Have you ever wondered where all your money goes? Do you control your money? Or does your money control you?
As the U.S. deadline for filing your tax return rapidly approaches (April 15), many of us suddenly realize we have no idea where our money goes. We haven't a clue as to what we spent our money on.
No, this is not a blog about investing. This is a blog about valuing your hard-earned money so you can take control of how -- and on what -- you spend your money. This is a blog about giving your money a purpose that enriches your life!
Many people spend money to soothe emotions. They use money as an emotional elixir. Remember that time you were really pissed off at your partner -- so you went shopping to blow off some steam? The next thing you know you bought a new pair of shoes and a pair of pants -- neither of which you really needed.
Initially the purchases made you feel good; however this was a fleeting high.
Using money to buy things you don't really need (and sometimes don't even want) as a way of ineffectively dealing with emotions you don't want to feel: i.e., anger, jealousy, depression, loneliness, frustration, boredom, puts you in the precarious position of wasting your money on unnecessary purchases throughout your life.
You are not getting your money's worth -- from your money -- when you spend this way. This money was spent without any real thought behind the spending. It was spent without a conscious purpose.
Emotional spending is like reaching for junk food to satisfy your hunger. The fix is short-term, leaving us hungry shortly after the junk food has been consumed. Emotional spending very temporarily soothes our emotions; however it is only a matter of time before these same emotions we were trying to tame reappear following our purchase.
And the emotional spending cycle continues...
Impulsive spending brought on by that awesome two-day only sale can also be a way of having your emotions control your money.
Even though that coat you purchased was 50 percent off the regular price, if you had no intention of buying the coat when you walked into the store, (or logged onto the internet) you just wasted money on an impulsive purchase. You can kid yourself into thinking you saved 50 percent off the retail price, but the fact of the matter is you didn't save any money at all. You just wasted the money you did spend.
A purchase bought on sale isn't a bargain unless you needed the item purchased, regardless of whether it was on sale or not!
Retail marketers know this and they play into the pleasure-center of our brain when they promote a time-limited sale. They understand the brain is hard-wired for pleasure -- with the anticipation of pleasure being just as strong an influence on our brain's pleasure-center as the actual purchase. Hence the heightened frenzy we feel in anticipated of a sale!
Emotional spending and impulsive spending both help explain why the clothes and accessories in your closet have never been worn or used -- with the price tags still attached to them.
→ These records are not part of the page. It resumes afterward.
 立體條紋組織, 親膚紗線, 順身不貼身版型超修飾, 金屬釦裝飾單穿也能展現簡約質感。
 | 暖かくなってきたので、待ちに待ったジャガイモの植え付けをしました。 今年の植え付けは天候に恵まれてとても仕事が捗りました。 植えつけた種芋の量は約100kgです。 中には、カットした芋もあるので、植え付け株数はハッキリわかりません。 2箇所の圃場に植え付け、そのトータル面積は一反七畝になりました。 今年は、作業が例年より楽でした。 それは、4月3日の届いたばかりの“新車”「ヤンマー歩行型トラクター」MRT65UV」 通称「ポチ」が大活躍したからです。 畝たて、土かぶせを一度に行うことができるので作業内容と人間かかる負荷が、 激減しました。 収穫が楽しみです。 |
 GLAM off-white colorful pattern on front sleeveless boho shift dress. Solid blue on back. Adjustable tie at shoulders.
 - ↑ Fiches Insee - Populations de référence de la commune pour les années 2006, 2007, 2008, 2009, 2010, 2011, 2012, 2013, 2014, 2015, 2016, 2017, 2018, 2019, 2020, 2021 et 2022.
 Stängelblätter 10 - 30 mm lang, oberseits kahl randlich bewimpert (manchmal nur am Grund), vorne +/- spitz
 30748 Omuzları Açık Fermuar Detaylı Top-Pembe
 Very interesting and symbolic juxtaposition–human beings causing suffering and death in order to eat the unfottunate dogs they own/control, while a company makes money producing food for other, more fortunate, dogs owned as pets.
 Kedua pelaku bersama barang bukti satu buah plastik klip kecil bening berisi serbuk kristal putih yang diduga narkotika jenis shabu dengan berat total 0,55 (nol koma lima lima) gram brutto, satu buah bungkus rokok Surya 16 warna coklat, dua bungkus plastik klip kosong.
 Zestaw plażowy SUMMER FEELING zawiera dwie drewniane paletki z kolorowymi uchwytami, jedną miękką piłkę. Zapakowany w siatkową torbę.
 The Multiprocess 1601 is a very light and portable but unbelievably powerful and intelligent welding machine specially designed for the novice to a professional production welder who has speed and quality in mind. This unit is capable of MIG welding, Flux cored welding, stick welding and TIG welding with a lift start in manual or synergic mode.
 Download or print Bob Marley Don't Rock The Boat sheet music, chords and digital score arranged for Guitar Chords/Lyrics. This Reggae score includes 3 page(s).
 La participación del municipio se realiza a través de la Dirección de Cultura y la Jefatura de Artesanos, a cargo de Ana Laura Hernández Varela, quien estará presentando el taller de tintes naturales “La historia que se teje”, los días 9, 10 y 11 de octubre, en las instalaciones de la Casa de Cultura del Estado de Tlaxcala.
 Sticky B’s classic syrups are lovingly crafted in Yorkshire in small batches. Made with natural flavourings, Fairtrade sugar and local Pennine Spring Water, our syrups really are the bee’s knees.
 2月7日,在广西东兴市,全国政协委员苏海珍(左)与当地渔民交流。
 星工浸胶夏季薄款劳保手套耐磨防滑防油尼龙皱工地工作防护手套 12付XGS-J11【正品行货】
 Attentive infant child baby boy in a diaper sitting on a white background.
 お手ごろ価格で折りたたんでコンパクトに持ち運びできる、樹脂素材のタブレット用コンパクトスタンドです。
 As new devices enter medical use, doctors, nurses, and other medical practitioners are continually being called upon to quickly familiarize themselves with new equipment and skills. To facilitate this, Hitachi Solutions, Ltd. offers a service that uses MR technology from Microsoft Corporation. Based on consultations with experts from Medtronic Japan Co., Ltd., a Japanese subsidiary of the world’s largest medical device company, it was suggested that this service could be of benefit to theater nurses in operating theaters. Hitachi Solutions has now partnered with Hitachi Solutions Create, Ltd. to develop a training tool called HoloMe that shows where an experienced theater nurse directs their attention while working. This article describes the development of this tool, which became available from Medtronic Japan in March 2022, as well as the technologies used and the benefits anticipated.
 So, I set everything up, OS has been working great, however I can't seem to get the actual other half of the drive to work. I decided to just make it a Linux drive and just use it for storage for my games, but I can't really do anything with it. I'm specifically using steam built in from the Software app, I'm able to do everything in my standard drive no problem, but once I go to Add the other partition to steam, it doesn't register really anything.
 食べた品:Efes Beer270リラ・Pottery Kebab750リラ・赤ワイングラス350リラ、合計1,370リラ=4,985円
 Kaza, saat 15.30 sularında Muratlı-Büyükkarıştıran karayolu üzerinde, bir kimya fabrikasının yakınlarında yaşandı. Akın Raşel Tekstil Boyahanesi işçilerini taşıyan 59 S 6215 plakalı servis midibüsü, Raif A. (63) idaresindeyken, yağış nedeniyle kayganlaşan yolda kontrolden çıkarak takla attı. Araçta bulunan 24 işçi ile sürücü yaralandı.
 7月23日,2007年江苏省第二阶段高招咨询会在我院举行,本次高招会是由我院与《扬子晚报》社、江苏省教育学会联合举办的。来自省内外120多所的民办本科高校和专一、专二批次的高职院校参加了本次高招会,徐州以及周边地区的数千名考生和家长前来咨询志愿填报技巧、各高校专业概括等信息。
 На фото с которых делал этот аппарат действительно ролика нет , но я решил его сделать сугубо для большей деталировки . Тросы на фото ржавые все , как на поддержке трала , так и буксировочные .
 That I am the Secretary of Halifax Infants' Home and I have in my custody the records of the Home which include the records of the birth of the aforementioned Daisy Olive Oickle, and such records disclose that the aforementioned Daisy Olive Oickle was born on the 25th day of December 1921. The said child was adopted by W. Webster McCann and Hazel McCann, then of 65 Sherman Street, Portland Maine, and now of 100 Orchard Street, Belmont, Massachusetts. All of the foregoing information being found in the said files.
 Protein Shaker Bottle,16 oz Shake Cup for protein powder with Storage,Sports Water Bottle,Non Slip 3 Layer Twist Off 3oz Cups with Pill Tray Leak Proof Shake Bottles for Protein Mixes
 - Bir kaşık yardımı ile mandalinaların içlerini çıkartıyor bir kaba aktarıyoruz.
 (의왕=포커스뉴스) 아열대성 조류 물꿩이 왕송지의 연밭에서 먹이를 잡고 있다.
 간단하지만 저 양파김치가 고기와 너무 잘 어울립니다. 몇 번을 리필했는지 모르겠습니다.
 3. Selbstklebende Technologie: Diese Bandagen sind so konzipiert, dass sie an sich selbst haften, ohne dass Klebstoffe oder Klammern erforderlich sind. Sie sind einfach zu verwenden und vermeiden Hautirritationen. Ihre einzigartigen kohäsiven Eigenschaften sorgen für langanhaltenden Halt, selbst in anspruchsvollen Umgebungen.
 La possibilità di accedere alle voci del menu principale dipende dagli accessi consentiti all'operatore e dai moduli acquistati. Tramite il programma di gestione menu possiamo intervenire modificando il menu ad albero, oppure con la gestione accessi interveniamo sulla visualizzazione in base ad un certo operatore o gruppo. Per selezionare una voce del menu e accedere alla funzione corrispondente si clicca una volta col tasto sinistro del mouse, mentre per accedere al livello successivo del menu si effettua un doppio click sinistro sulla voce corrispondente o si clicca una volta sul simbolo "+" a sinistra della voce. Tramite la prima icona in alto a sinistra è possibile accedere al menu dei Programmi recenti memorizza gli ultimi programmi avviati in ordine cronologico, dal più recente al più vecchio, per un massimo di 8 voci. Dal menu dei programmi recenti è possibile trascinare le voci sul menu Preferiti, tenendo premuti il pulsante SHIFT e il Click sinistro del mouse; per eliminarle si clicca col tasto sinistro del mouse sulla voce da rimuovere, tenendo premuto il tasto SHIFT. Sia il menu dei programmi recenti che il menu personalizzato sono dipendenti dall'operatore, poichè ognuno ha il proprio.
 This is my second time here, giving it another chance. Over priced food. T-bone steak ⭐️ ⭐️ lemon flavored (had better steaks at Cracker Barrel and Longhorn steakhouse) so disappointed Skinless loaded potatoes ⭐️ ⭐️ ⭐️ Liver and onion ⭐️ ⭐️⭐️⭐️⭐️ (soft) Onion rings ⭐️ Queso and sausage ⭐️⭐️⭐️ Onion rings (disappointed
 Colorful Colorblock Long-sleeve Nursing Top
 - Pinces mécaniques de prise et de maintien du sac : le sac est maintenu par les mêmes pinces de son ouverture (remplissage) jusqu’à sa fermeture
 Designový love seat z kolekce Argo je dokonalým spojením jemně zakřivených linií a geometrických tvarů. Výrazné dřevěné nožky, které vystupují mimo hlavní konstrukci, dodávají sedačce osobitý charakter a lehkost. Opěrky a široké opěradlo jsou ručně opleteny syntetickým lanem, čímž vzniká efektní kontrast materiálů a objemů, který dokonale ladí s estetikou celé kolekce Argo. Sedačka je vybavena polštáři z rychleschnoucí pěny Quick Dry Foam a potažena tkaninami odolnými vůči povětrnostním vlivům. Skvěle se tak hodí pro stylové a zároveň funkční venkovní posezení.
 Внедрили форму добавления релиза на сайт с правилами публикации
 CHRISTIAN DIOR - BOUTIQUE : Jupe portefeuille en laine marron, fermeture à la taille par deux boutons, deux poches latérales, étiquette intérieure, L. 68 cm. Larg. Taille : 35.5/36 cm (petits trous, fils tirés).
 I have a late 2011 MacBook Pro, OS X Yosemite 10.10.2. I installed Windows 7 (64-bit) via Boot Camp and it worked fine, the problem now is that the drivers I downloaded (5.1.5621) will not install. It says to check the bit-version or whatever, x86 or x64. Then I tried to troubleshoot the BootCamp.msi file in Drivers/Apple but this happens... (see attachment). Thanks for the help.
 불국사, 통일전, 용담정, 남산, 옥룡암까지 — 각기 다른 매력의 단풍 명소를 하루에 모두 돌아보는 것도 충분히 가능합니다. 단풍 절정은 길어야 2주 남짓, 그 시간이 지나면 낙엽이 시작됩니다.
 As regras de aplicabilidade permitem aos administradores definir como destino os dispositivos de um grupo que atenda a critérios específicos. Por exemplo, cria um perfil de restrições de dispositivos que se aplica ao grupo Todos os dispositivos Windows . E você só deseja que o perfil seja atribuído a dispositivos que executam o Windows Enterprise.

Consciously Create a Purpose for Your Money
You work hard for your money. You are entitled to enjoy it and to make an indulgent purchase on occasion. The key to controlling your money instead of having your money control you is based upon the ability to make a conscious decision on how much money you will spend on these indulgent (and perhaps frivolous) purchases.
Find a conscious way to give your money a purpose and meaning specific to what you want for your life (and lifestyle). Decide how you want your money to improve the quality of your life now -- and in the future.
Giving your money a purpose will help you avoid throwing your money away on emotional and impulsive purchases.
Take control of your hard-earned cash, instead of having your cash control you.
You work hard for your money -- make sure you put it to good use!